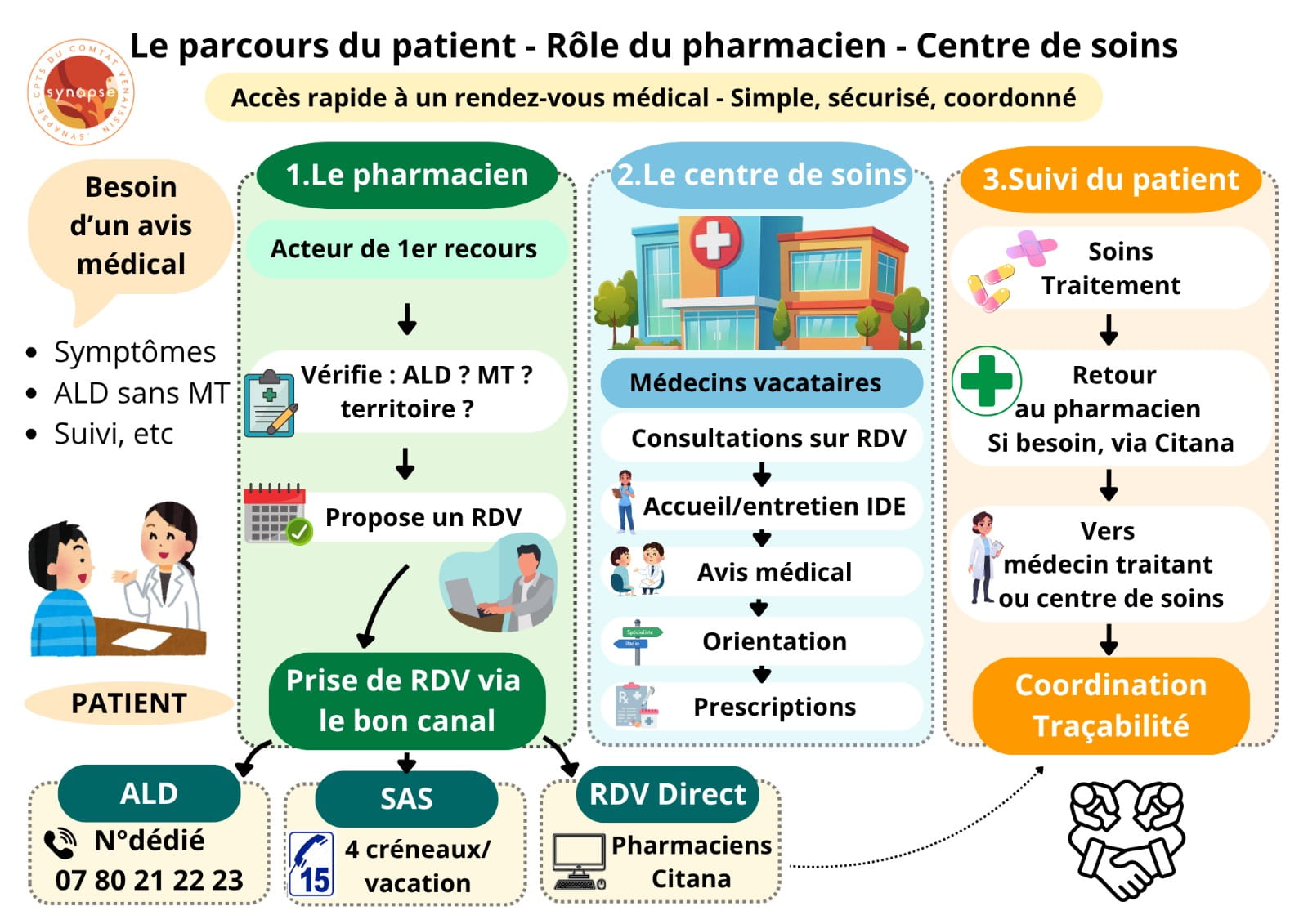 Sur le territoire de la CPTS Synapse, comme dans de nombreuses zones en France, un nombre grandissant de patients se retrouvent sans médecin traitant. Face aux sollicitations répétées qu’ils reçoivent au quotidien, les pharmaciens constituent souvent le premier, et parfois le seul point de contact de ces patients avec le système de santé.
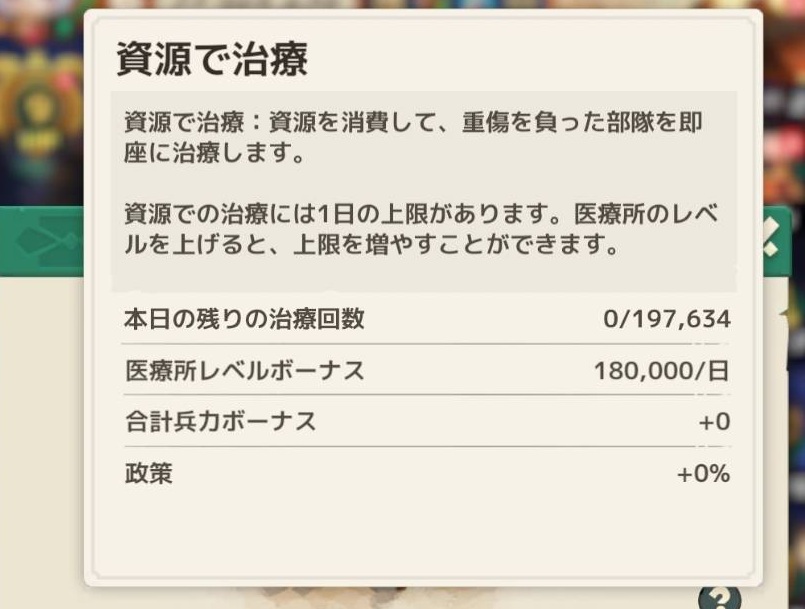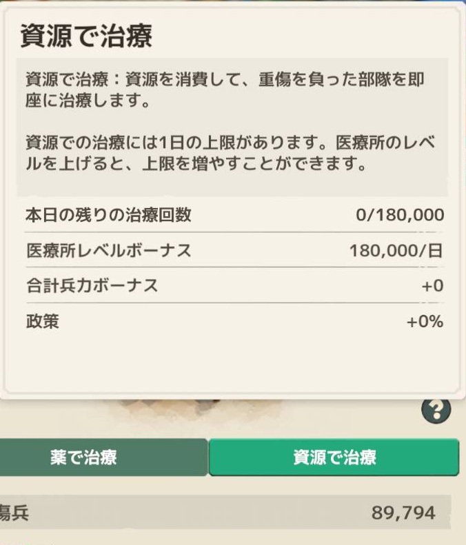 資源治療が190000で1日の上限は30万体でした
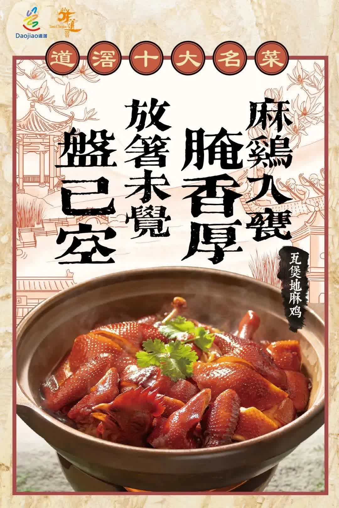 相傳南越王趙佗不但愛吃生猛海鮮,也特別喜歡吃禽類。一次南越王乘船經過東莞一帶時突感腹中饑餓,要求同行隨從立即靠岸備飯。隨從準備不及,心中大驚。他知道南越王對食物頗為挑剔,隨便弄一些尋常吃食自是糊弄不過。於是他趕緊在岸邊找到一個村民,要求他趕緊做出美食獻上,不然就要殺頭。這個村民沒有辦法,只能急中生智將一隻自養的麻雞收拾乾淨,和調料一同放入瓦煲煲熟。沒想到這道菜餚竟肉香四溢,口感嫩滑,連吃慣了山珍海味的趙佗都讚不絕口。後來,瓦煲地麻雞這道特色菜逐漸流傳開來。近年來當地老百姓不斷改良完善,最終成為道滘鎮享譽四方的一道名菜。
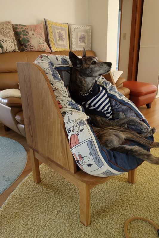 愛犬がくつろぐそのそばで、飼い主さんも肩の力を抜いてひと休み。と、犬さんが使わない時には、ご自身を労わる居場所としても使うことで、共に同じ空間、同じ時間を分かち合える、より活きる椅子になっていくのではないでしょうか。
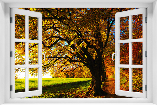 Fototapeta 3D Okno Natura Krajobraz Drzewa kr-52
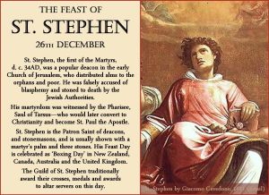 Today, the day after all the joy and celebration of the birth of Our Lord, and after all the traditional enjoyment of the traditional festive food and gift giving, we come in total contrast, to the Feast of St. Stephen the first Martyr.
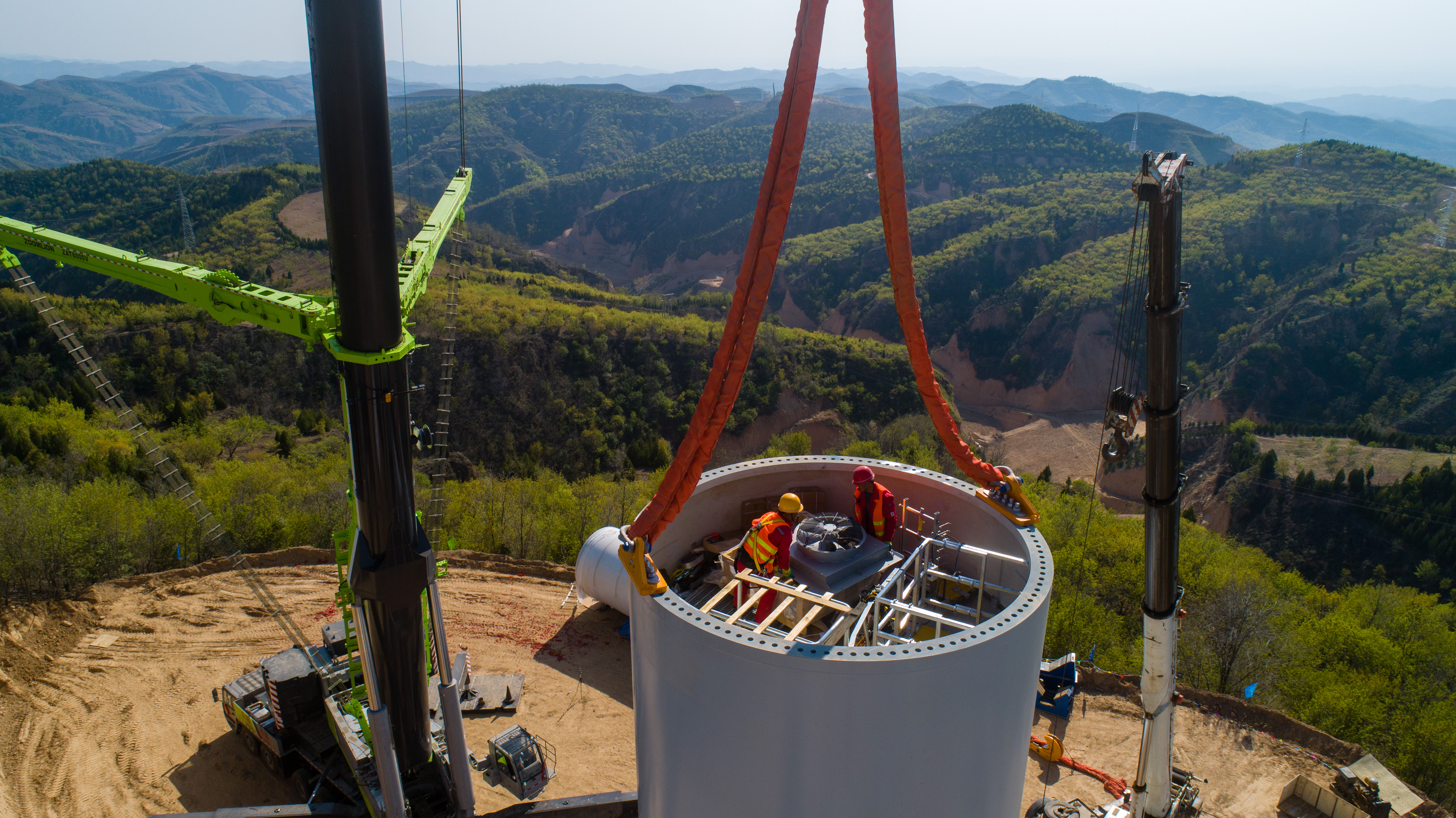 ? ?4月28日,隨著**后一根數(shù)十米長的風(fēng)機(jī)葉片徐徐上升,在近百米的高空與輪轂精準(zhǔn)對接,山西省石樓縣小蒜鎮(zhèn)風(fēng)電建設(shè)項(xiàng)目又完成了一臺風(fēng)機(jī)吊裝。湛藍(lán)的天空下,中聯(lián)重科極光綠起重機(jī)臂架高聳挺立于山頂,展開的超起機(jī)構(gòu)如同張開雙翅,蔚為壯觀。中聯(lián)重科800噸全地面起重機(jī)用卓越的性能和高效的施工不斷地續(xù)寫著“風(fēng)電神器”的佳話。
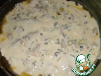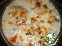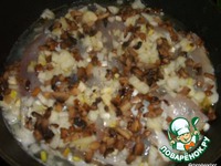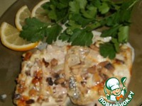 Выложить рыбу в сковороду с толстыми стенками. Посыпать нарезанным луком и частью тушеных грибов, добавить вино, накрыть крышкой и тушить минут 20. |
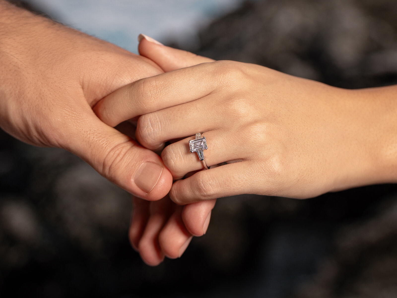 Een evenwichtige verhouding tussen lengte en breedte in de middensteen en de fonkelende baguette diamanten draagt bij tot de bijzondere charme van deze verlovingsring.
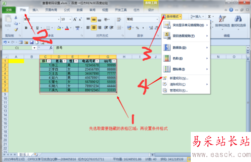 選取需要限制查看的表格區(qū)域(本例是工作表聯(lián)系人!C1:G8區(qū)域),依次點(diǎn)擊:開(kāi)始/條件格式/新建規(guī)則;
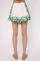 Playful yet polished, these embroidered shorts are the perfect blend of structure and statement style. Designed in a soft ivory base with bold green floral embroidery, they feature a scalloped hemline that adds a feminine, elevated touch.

:::

__WORK TO COMPLETE__
Every record gets retyped exactly; no picture goes into the copy.

__OUTPUT__
 Sur le territoire de la CPTS Synapse, comme dans de nombreuses zones en France, un nombre grandissant de patients se retrouvent sans médecin traitant. Face aux sollicitations répétées qu’ils reçoivent au quotidien, les pharmaciens constituent souvent le premier, et parfois le seul point de contact de ces patients avec le système de santé.
 資源治療が190000で1日の上限は30万体でした
 相傳南越王趙佗不但愛吃生猛海鮮,也特別喜歡吃禽類。一次南越王乘船經過東莞一帶時突感腹中饑餓,要求同行隨從立即靠岸備飯。隨從準備不及,心中大驚。他知道南越王對食物頗為挑剔,隨便弄一些尋常吃食自是糊弄不過。於是他趕緊在岸邊找到一個村民,要求他趕緊做出美食獻上,不然就要殺頭。這個村民沒有辦法,只能急中生智將一隻自養的麻雞收拾乾淨,和調料一同放入瓦煲煲熟。沒想到這道菜餚竟肉香四溢,口感嫩滑,連吃慣了山珍海味的趙佗都讚不絕口。後來,瓦煲地麻雞這道特色菜逐漸流傳開來。近年來當地老百姓不斷改良完善,最終成為道滘鎮享譽四方的一道名菜。
 愛犬がくつろぐそのそばで、飼い主さんも肩の力を抜いてひと休み。と、犬さんが使わない時には、ご自身を労わる居場所としても使うことで、共に同じ空間、同じ時間を分かち合える、より活きる椅子になっていくのではないでしょうか。
 Fototapeta 3D Okno Natura Krajobraz Drzewa kr-52
 Today, the day after all the joy and celebration of the birth of Our Lord, and after all the traditional enjoyment of the traditional festive food and gift giving, we come in total contrast, to the Feast of St. Stephen the first Martyr.
 ? ?4月28日,隨著**后一根數(shù)十米長的風(fēng)機(jī)葉片徐徐上升,在近百米的高空與輪轂精準(zhǔn)對接,山西省石樓縣小蒜鎮(zhèn)風(fēng)電建設(shè)項(xiàng)目又完成了一臺風(fēng)機(jī)吊裝。湛藍(lán)的天空下,中聯(lián)重科極光綠起重機(jī)臂架高聳挺立于山頂,展開的超起機(jī)構(gòu)如同張開雙翅,蔚為壯觀。中聯(lián)重科800噸全地面起重機(jī)用卓越的性能和高效的施工不斷地續(xù)寫著“風(fēng)電神器”的佳話。
 Выложить рыбу в сковороду с толстыми стенками. Посыпать нарезанным луком и частью тушеных грибов, добавить вино, накрыть крышкой и тушить минут 20. |
 Een evenwichtige verhouding tussen lengte en breedte in de middensteen en de fonkelende baguette diamanten draagt bij tot de bijzondere charme van deze verlovingsring.
 選取需要限制查看的表格區(qū)域(本例是工作表聯(lián)系人!C1:G8區(qū)域),依次點(diǎn)擊:開(kāi)始/條件格式/新建規(guī)則;
 Playful yet polished, these embroidered shorts are the perfect blend of structure and statement style. Designed in a soft ivory base with bold green floral embroidery, they feature a scalloped hemline that adds a feminine, elevated touch.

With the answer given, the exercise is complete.